Values are presented as mean ± SD or number (%).

BPI, Brief Pain Inventory with specific question on pre-operative pain frequency; DN4, Douleur Neuropathique 4 questions questionnaire; EQ5D VAS, visual analogue scale of the quality of life EQ5D questionnaire; HADS, Hospital Anxiety and Depression scale with three subcores on anxiety, depression and total score; Pain expectation, questionnaire on pain expectation; PCS, pain catastrophising scale; PITs, pain interference total score extracted from BPI; PSQ minor, pain sensitivity questionnaire.

Table 4.

Missing data

Variable Total Missing Missing %
Asthma 3297 0 0.0%
IPO location 2987 310 9.4%
IPO intensity 2984 313 9.5%
DN4 1892 1405 42.6%
Fibromyalgia 3297 0 0.0%
Osteoarthritis 3297 0 0.0%
Out of bed POD 1 2581 716 21.7%
Out of bed POD 3 2627 670 20.3%
PITS 1156 2141 64.9%
Pre-operative opioid 3259 38 1.2%
PCS 3151 146 4.4%
PSQ 3203 94 2.9%
Pain Physio POD1 2580 717 21.7%
Pain Physio POD3 2633 664 20.1%
Pain Physio POD7 2669 628 19.0%
Pain move POD1 2562 735 22.3%
Pain move POD3 2637 660 20.0%
Pain move POD7 2670 627 19.0%
Pain rest POD1 2583 714 21.7%
Pain rest POD3 2640 657 19.9%
Pain rest POD7 2672 625 19.0%
Worst pain POD1 2562 735 22.3%
Worst pain POD3 2631 666 20.2%
Worst pain POD7 2672 625 19.0%
Average pain POD1 2539 758 23.0%
Average pain POD3 2628 669 20.3%
Average pain POD7 2656 641 19.4%
Pre-operative opioid 3222 75 2.3%
Number of sites 3295 2 0.1%
Pain relief POD 1 2499 798 24.2%
Pain relief POD 3 2581 716 21.7%
Pain relief POD 7 2596 701 21.3%
HADS Depression 3171 126 3.8%
HADS Anxiety 3166 131 4.0%
Anxiety scale (0 to 10) 3201 96 2.9%

Data are presented as number or percentage.

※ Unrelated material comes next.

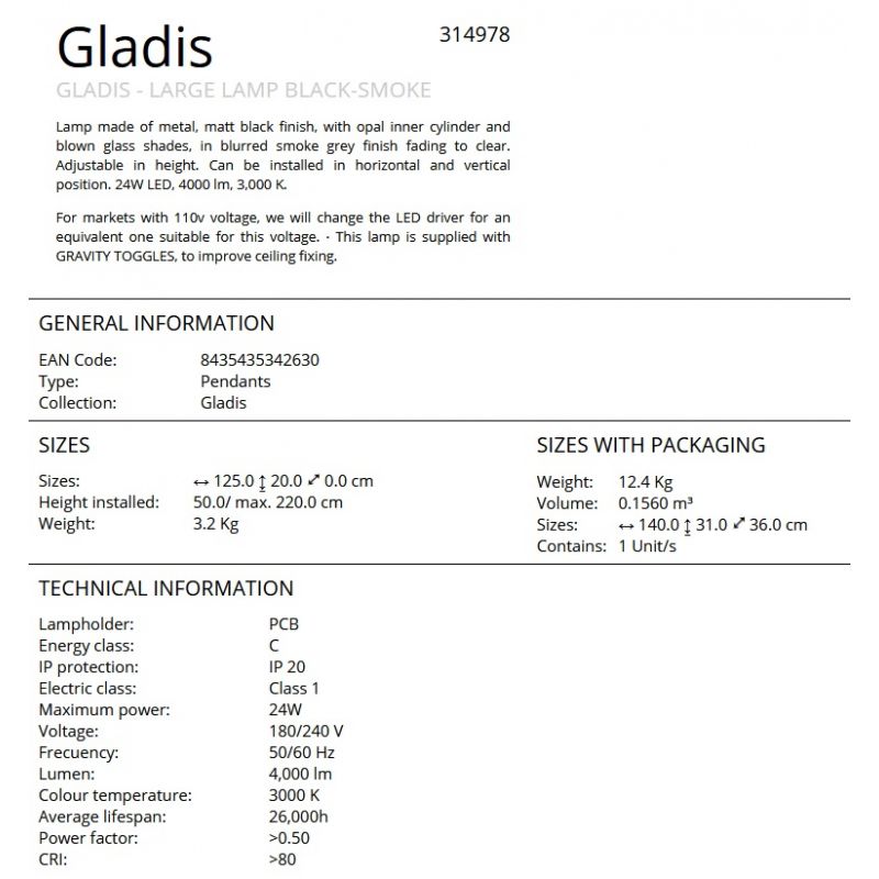 | Materiale | metal negru mat, sticla suflata gri fumuriu cu cilindru interior opac |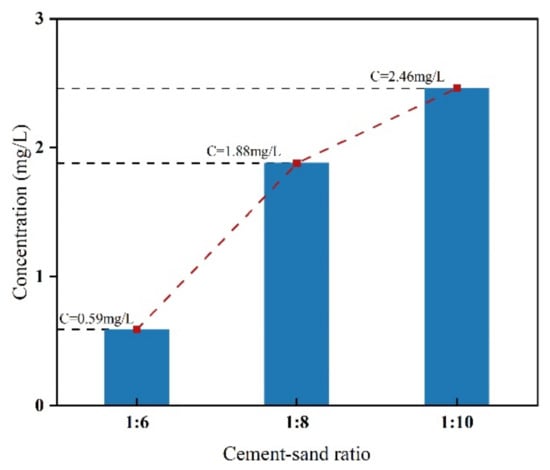 The results of the leaching toxicity experiments revealed a rapid decrease in the concentration of TP leached from PGB specimens with an increasing cement addition, as shown in Figure 6. When the cement–sand ratio was 1:6 and 1:8, the leaching concentrations of TP were 0.59 and 1.88 mg/L, which were significantly lower than the concentration of 2.46 mg/L when the cement–sand ratio was 1:10. According to the surface water environmental quality standard (GB3838-2002) promulgated by China, in order to meet the standard of centralized drinking water, the detection value of the TP concentration in these areas of rivers, lakes, and groundwater should be less than 0.2 mg/L. Phosphorus in PG exists mainly in the form of phosphate, while ordinary silicate cement mainly consists of CaO, SiO2, Fe2O3, and Al2O3. During the hydration reaction of cement, soluble phosphate reacts with Ca2+, thus adsorbing on the surface of the cement particles and retarding the hydration reaction of the cement, while forming a protective layer of calcium phosphate. Liu studied that in an acidic environment, phosphorus precipitates mainly as H3PO4, H2PO, and CaH2PO in a toxic leachate backfilling with PG, while in a neutral environment, phosphate starts to precipitate as small amounts of soluble calcium phosphate (hydroxyapatite and calcium fluorophosphate), and in an environment with an alkaline pH, the increase in Ca2+ and F+ leads to the precipitation of phosphate in the form of a dilute increased binding of soluble calcium [,,,,]. The M1, M2, and M3 groups were considered as the central sources of TP concentrations of the backfilling bodies from which TP is leached to study the diffusion transport of TP in groundwater under different leaching concentrations in the backfilling bodies.

DN4, Douleur Neuropathique quatre question questionnaire; HADS, Hospital Anxiety and Depression Scale; IPO, International Pain Outcome questionnaire; PCS, Pain Catastrophizing scale score before surgery; PITS, functional Pain Interference Total Score on Brief Pain Inventory questionnaire before surgery; POD, postoperative day; PSQ, Pain Sensitivity Questionnaire.

Incidence and characteristics of chronic postsurgical pain

Chronic postsurgical pain incidence at 3 and 6 months

Moderate to severe CPSP at 6 months was reported by 10.5% of the whole patient cohort with variations across the four surgical models: 6.9% for sternotomy, 7.4% for breast surgery, 12.9% for TKA and 16.2% for endometriosis (Fig. 1 and Table 5).

Table 5.

Incidence of persistent pain at 1, 3 and 6 months

Breast surgery (n = 655) Sternotomy (n = 1183) Endometriosis (n = 862) TKA (n = 597) Total population (n = 3297)
CPSP at 1 month
 - Missing data 175 289 173 121 758
 - No 430 (89.6) 773 (86.5) 580 (84.2) 328 (68.9) 2111 (83.1)
 - Yes 50 (10.4) 121 (13.5) 109 (15.8) 148 (31.1) 428 (16.9)
CPSP at 3 months
 - Missing data 200 281 225 137 843
 - No 412 (90.5) 835 (92.6) 555 (87.1) 393 (85.4) 2195 (89.4)
 - Yes 43 (9.5) 67 (7.4) 82 (12.9) 67 (14.6) 259 (10.6)
CPSP at 6 months
 - Missing data 194 317 251 140 902
 - No 427 (92.6) 806 (93.1) 512 (83.8) 398 (87.1) 2143 (89.5)
 - Yes 34 (7.4) 60 (6.9) 99 (16.2) 59 (12.9) 252 (10.5)

Value are presented as number and number (%).

CPSP, chronic postsurgical pain; TKA, total knee arthroplasty.

The small differences between Tables 5 and 6 in the total numbers of patients with CPSP is due to missing DN4 questionnaire responses.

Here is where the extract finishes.